Attempts to break Africans
Our people weren’t brought right here to this country. They were first dropped off in the West Indian islands, in the Caribbean. Most of the slaves that were brought from Africa were dropped off first in the Caribbean, West Indian islands. Why? This was the breaking-in grounds. They would break them in down there. When they broke them in, then they would bring the ones whose spirit had been broken on to America. They had all kinds of tactics for breaking them in. They bred fear into them, for one thing.

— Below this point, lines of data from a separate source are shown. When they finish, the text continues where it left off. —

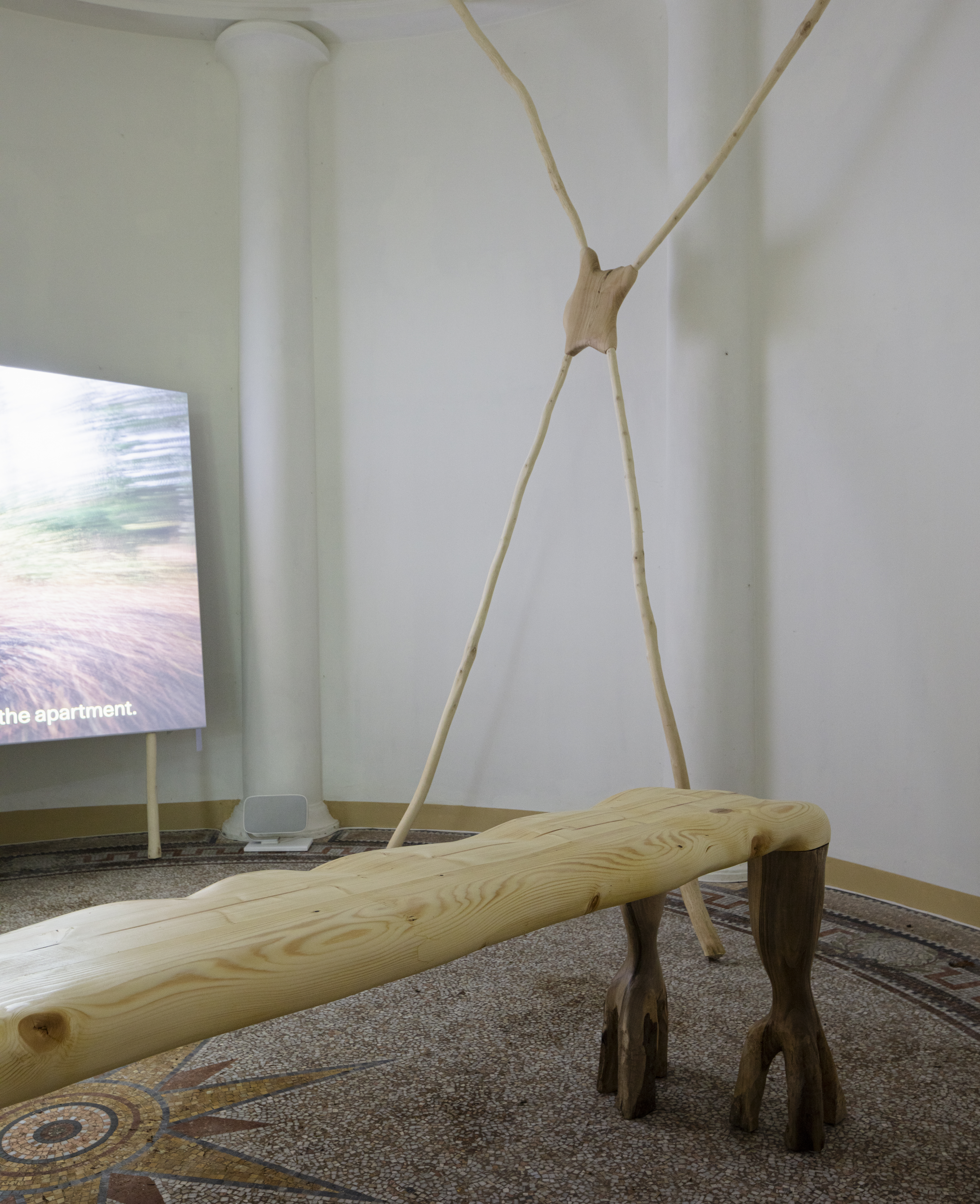 Film installation, 2K Video, 21’30“, objects made out of spruce, nutwood, ash, hazelnut, poplar and linen
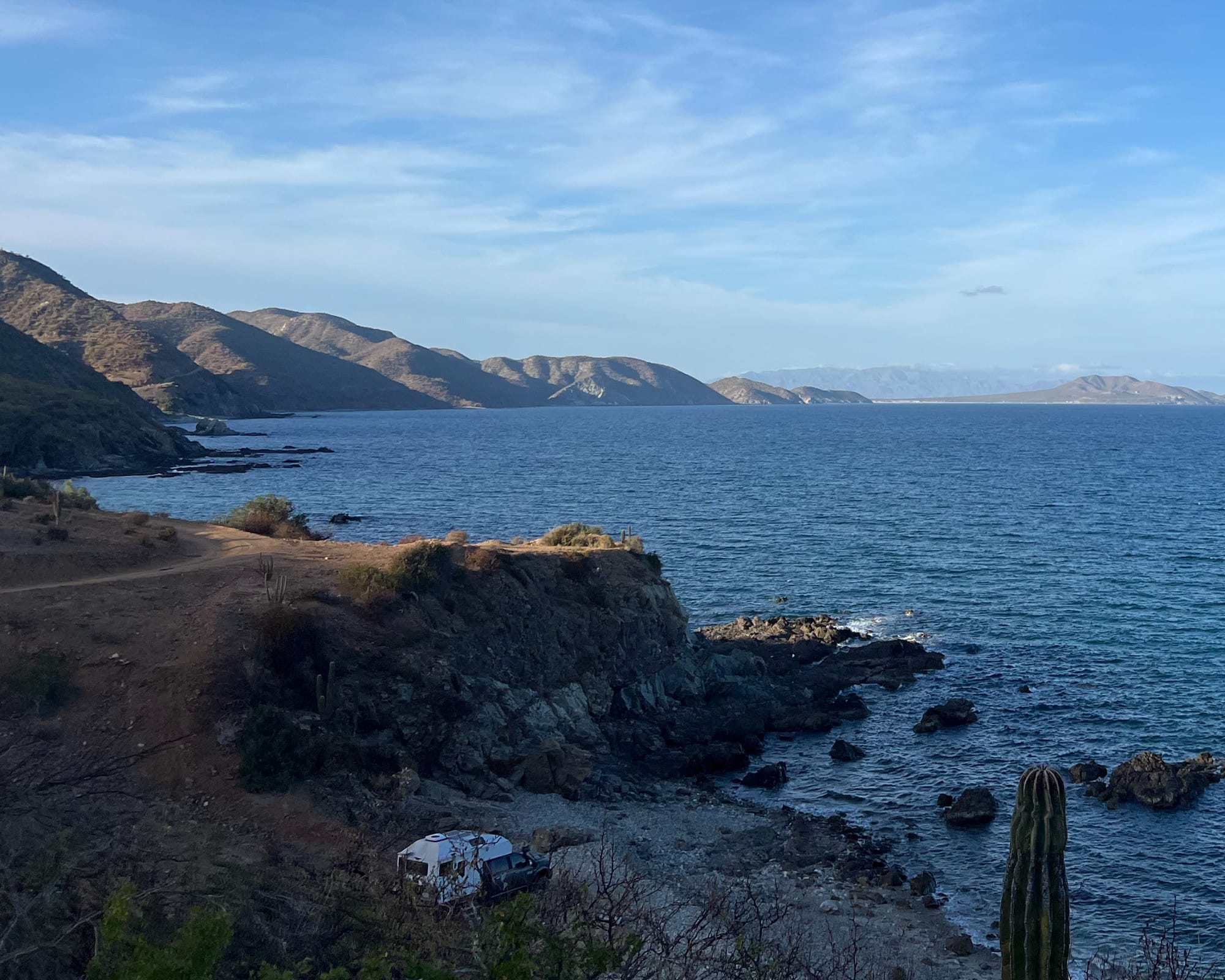 We stop once again in Santiago at Restaurante Pericu for a big plate of chilaquiles before continuing on to Los Barriles where we resupply groceries, water, and fuel. This is our first time in Los Barriles and it is certainly a gringo hotspot, somewhere we have no interest in staying. After our chores and running around in town are completed we continue north, initially away from and then along the coastline. As we make our way out of town Heather and I talk about how grateful we are to be traveling with such an amazing and capable group of friends. There is a certain comfort in knowing that no matter what happens, the people you are traveling with and living alongside of aren’t going to leave you stranded but will instead be there to help you through.
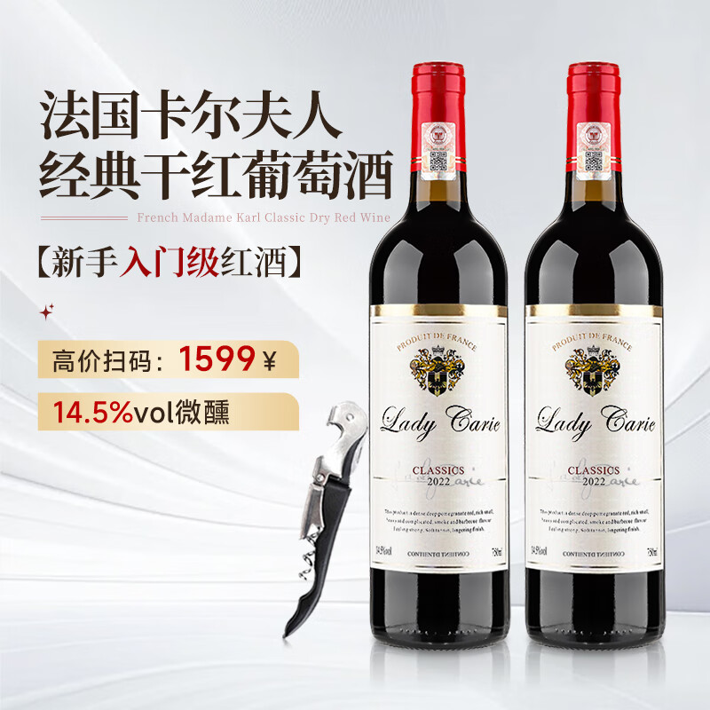 卡尔夫人(LadyCarle)法国进口红酒干红葡萄酒 原酒进口 中秋礼品750ml*2

I read in one book how the slave maker used to take a pregnant woman, a Black woman, and make her watch as her man would be tortured and put to death. One of those slave makers had trees that he planted in positions where he would bend them and tie them, and then tie the hand of a Black man to one, a hand to the other, and his legs to two more, and he’d cut the rope. And when he’d cut the rope, that tree would snap up and pull the arm of the Black man right out of his socket, pull him up into four different parts. I’ll show you books where you can read it, they write about it. And they made the pregnant Black women stand there and watch as they did it, so that all this grief and fear that they felt would go right into that baby, that Black baby that was yet to be born. It would be born afraid, born with fear in it. And you’ve got it in you right now--right now, you’ve still got it. When you get in front of that blue-eyed thing, you start to itching, don’t you? And you don’t know why. It was bred into you. But when you find out how they did it, you can get it out of you and put it right back in them.

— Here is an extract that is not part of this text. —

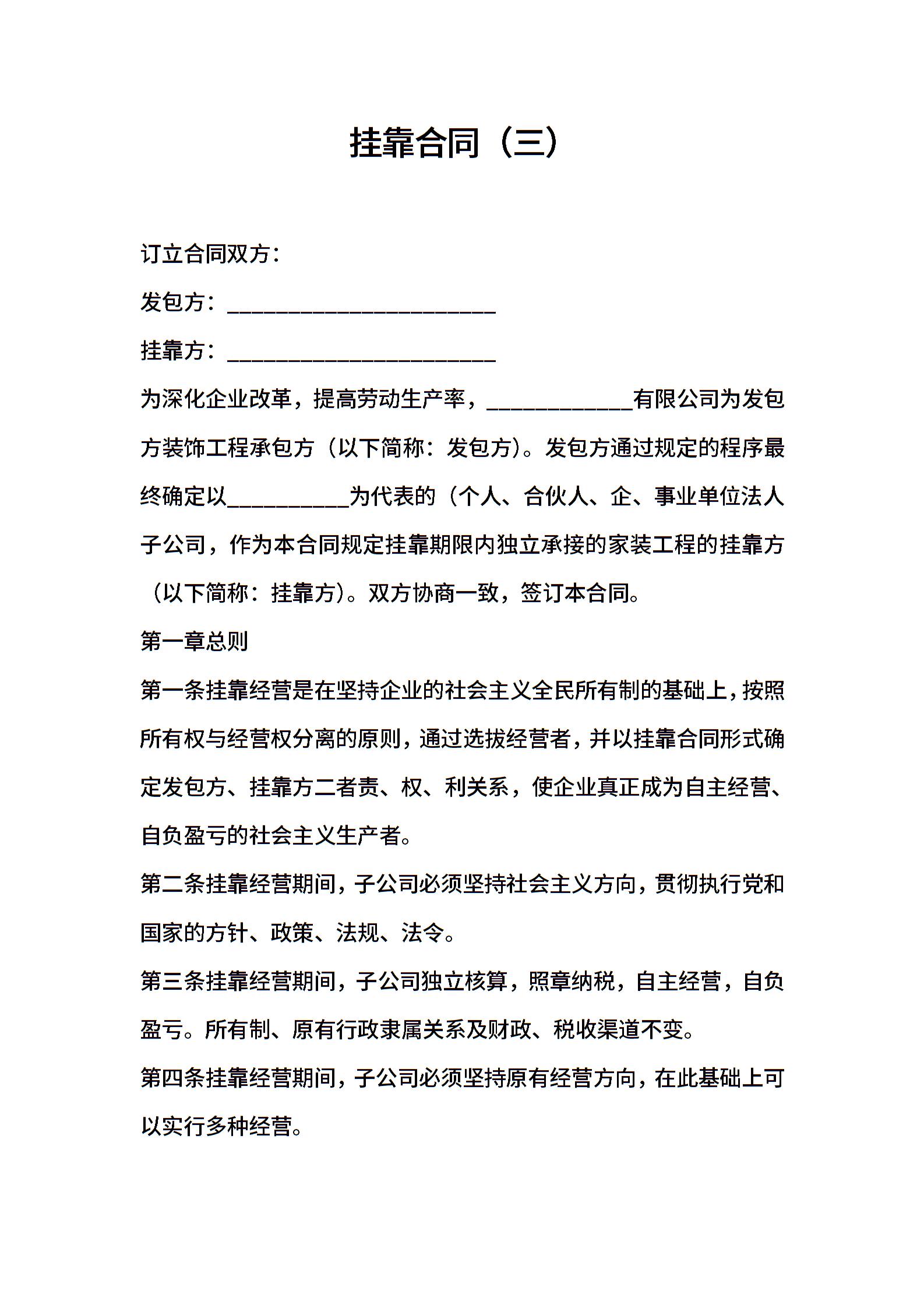 挂靠合同(三)

Slaves used to sing that song about "My Lord’s going to move this wicked race and raise up a righteous nation that will obey." They knew what they were talking about--they were talking about the man. They used to sing a song, "Good News, a Chariot Is Coming." If you notice, everything they sang in those spirituals was talking about going to get away from here. None of them wanted to stay here. You’re the only ones, sitting around here now like a knot on a log, wanting to stay here. You’re supposed to be educated and hip, you’re supposed to know what’s happening, you know--they’re not supposed to know what’s happening. But everything they sang, every song, had a hint in it that they weren’t satisfied here, that they weren’t being treated right, that somebody had to go.